A broader cluster analysis of trait space reveals eight distinct clusters and shows that major disparities exist in the density of species across large areas of trait space (Figs. 2 C and D and 3). These imbalances are most prominent in species-poor provinces (n < 200), where large clusters in trait space are heavily underrepresented (Fig. 2C) and supported by just one or a few species (Fig. 2D). In contrast, in species-rich provinces (n > 200), imbalances across trait space are less extreme due to higher levels of redundancy in all clusters. These larger areas of trait space represent key morphological types, including mound-like corals of various sizes; two-dimensional corals, including solitary and nonattached species; plate-like or foliose corals; digitate or tabular corals; branching corals; and tall, complex mounds or columnar corals (Fig. 3). The proportional representation in provincial species pools of each of the major clusters is constrained within a narrow range of values across the Indo-Pacific (varying between 0.05 and 0.25, depending on the cluster) (Fig. 2C), where each major cluster is supported by tens or even hundreds of species (Fig. 2D). Furthermore, the proportion of the species pool represented in each cluster is remarkably constant across a very broad gradient in species richness (Fig. 2C).

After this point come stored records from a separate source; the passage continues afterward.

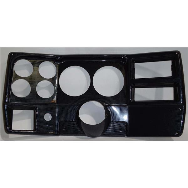 ABS UV Resistant plastic dash panel comes pre-drilled with 5 Inch for the Speedo and Tach. The 4 smaller holes are 2 5/8 Inch.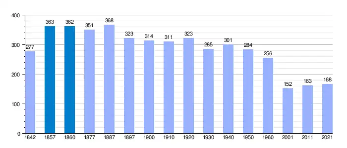 | Gráfica de evolución demográfica de Gaztelu[5][6] entre 1842 y 2021 |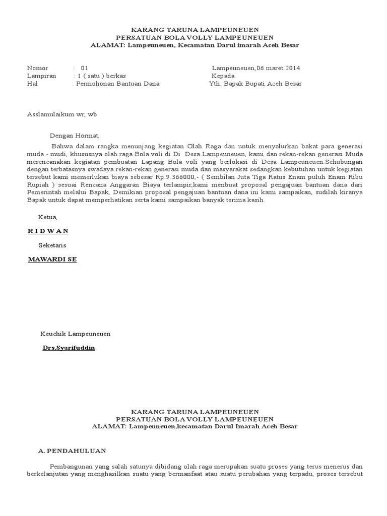 9 Contoh Proposal Kegiatan, Bantuan Dana... | Woazy.com woazy.com - Contoh proposal. Proposal lazimnya dikenal sebagai sebuah dokumen yang berisi rencana kegiatan yang terancang secara sistematis Contoh Proposal Bantuan Dana. Persatuan volley ball andes club jl. Wonosari No.71 Desa Bina Maju Kec. Rangsang Barat Kab.

The occupancy of trait space is strikingly different between the two major domains, as exemplified by the disparity between the Caribbean and the Great Barrier Reef (Fig. 3). The two domains have no native species in common (18), yet they share a range of functional roles, because Caribbean species occupy similar areas of trait space to those on the Great Barrier Reef, despite an 11-fold difference in species richness (Figs. 1 and 3A). Contours of high redundancy in trait space (based on kernel density estimation) for the Great Barrier Reef indicate that the highest redundancy occurs in three major clusters of species that are predominantly mound-shaped, tabular, or digitate, and branching (Fig. 3 A and B). These clusters represent a broad range of traits for >200 species with a wide range of taxonomic affiliations. In contrast, the Caribbean trait space is heavily depleted, with only one high-redundancy cluster of massive and submassive corals, no fast-growing digitate, bushy, or tabular corals, and only three species of branching corals (Acropora palmata, Acropora cervicornis, and Acropora prolifera) (Fig. 3 A and B). The clustering of species in the Caribbean trait space (Fig. 2 B–D) therefore leaves large portions of trait space unoccupied or populated by just one or a few functionally distinctive species.
The distinct biogeographical patterns of diversity and redundancy in coral trait space can have major consequences for the dynamics of coral assemblage functions in different provinces. In particular, critical attributes underlying reef resilience and function are poorly represented in the Caribbean trait space (Fig. 3 C and D). For example, two fundamental traits, the tissue biomass and skeletal growth rates of whole colonies, reach their highest overall value among species with complex morphologies and fast-growth rates, or with very large mound-like or columnar skeletons (Fig. 3C). In the Caribbean, corals with these attributes (e.g., Acropora, Dendrogyra, Orbicella) are poorly represented in trait space (Fig. 3 A–C). In contrast, on the Great Barrier Reef, corals with these attributes comprise a diverse mix of taxa (e.g., Acropora, Porites, Pavona, Diploastrea) and are widely distributed across trait space (Fig. 3 A–C). Furthermore, a key trait, the mode of larval development (i.e., brooders, spawners), is distributed differently in trait space between the two domains (Fig. 3D). Although there are proportionally more brooding species in the Caribbean, they are limited to a subset of functional types and devoid of large, branching or columnar species. In contrast, both brooding and spawning strategies are widely distributed across the Great Barrier Reef trait space, indicating that a diversity of dispersal and recruitment patterns occurs across a broad range of coral functional types in this region (Fig. 3).
Discussion
This study reveals that a diverse variety of coral functional trait combinations can be represented along the same few axes of correlated trait variation. The boundaries of these axes differ between the two Indo-Pacific and Atlantic domains, and along regional-scale gradients in reef biodiversity. Provinces with higher species richness exhibit a greater range of traits and trait combinations, in addition to a greater similarity, or redundancy, among species. Moreover, the proportion of coral species in different hotspots of trait space is remarkably consistent across the major provinces of the Indo-Pacific, consistent with their high species richness and their uniform taxonomic composition at the family level (19). Like reef fish (24), all Indo-Pacific provinces contain a mix of high-redundancy clusters of species with similar traits, alongside an unexpectedly high number of distinctive species that are relatively isolated in trait space. For corals, however, peripheral provinces with comparatively low species richness are particularly low in redundancy, because major functional roles are supported by just a few, unique species occupying large areas of trait space. This lack of functional redundancy is critical, because it can reduce the collective potential of groups of similar species to resist or recover from a variety of stressors (5, 11).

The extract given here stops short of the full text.